Along with the seasons, the moon and its phases have been one of the best medium-length measures for time since humans realized it repeatedly cycled in the sky. That is why each full moon, along with other cyclical events, received names that corresponded to what was going on in the world around them.
There are usually 12 full moons per year, but every 2.7 years there is an extra full moon named the blue moon due to the difference in the lunar synodic months and the tropical year. Every 19 years, February will miss a full moon due to the blue moon appearing in both January and again in March. But outside of these rarer occurrences, each month typically has a full moon, each of which has a specific name.

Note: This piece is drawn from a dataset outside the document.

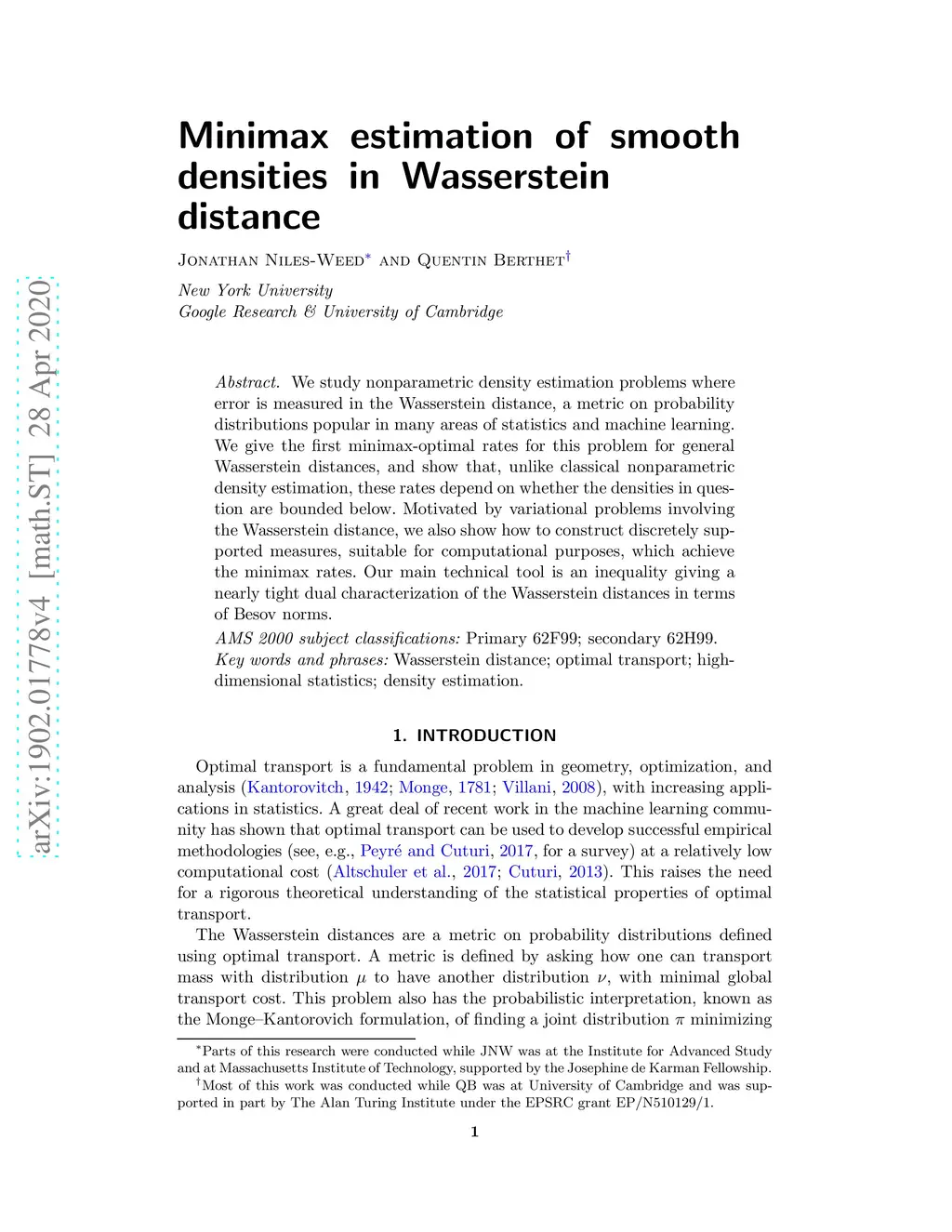 We study nonparametric density estimation problems where error is measured in the Wasserstein distance, a metric on probability distributions popular in many areas of statistics and machine learning. We give the first minimax-optimal rates for this problem for general Wasserstein distances, and show that, unlike classical nonparametric density estimation, these rates depend on whether the densities in question are bounded below. Motivated by variational problems involving the Wasserstein distance, we also show how to construct discretely supported measures, suitable for computational purposes, which achieve the minimax rates. Our main technical tool is an inequality giving a nearly tight dual characterization of the Wasserstein distances in terms of Besov norms.

The names come from many sources, but in the English language most come either from Anglo-Saxon origins or are adopted from Native American peoples. The most well-known moon might be the harvest moon, which is the full moon closest to the autumnal equinox. It isn’t specific to a month as it can fall in either September or October.
The common name for the September moon is the corn moon, referring to the time when corn is ready to harvest, while the October moon is the hunter’s moon as this was when people would hunt after the harvest to stock up on meats for the long winter.
Other notable full moons are the worm moon in March, when earthworms leave trails in the newly thawed ground, the strawberry moon in June when – you guessed it – the strawberries are ready to pick, and the snow moon (or hunger moon) in February when the winter has stretched on and all seems to be snow or hunger.
But the most important moon to discuss today is the wolf moon, as January’s full moon is known, which acknowledges the howling of the wolves due to the scarcity of food in the harsh winter.
Why is the wolf moon so important? Because that inspired my nickname for the new MB&F MoonMachine 2, which was launched at SIHH 2018 in January. The Wolf MoonMachine . . . er, the MoonMachine 2 is built on the HM8 platform and contains only the third moon phase complication in an MB&F timepiece since the founding of the brand.
Since two of those moon phase complications came about thanks to Stepan Sarpaneva, you could say that Sarpaneva is the master of moons for MB&F. And the MoonMachine 2 is an awesomely unique watch.
Max Büsser, Stepan Sarpaneva, and a glorious moon
The road to the MoonMachine 2 began back in 1999 when MB&F founder Maximilian Büsser and Stepan Sarpaneva first met, beginning a friendship that would lead to collaboration once Büsser launched his own brand after leaving Harry Winston.
By the time MB&F launched in 2005, Sarpaneva had been working for more than a decade for some of the most prestigious brands in independent watchmaking. He launched his own company two years prior.
His watches were inspired by his passion for motorcycles and a life spent in the world of design thanks to his parents. The moon became a mainstay in Sarpaneva’s watches, and by 2008 with the birth of the Korona K3 it had taken its now-familiar form: the slightly sour and melancholy manifestation of Sarpaneva’s own Finnish demeanor.
To Sarpaneva, it didn’t feel right to have a smiling moon since the Finnish people are a generally serious bunch, so the iconic face emerged to grace all manner of watches without so much as a smirk. It became so popular and well known that it must have made sense to Büsser that the wild, edgy MB&F watches feature the unique lunar visage as the HM3 MoonMachine in 2012 was the first collaboration for the pair.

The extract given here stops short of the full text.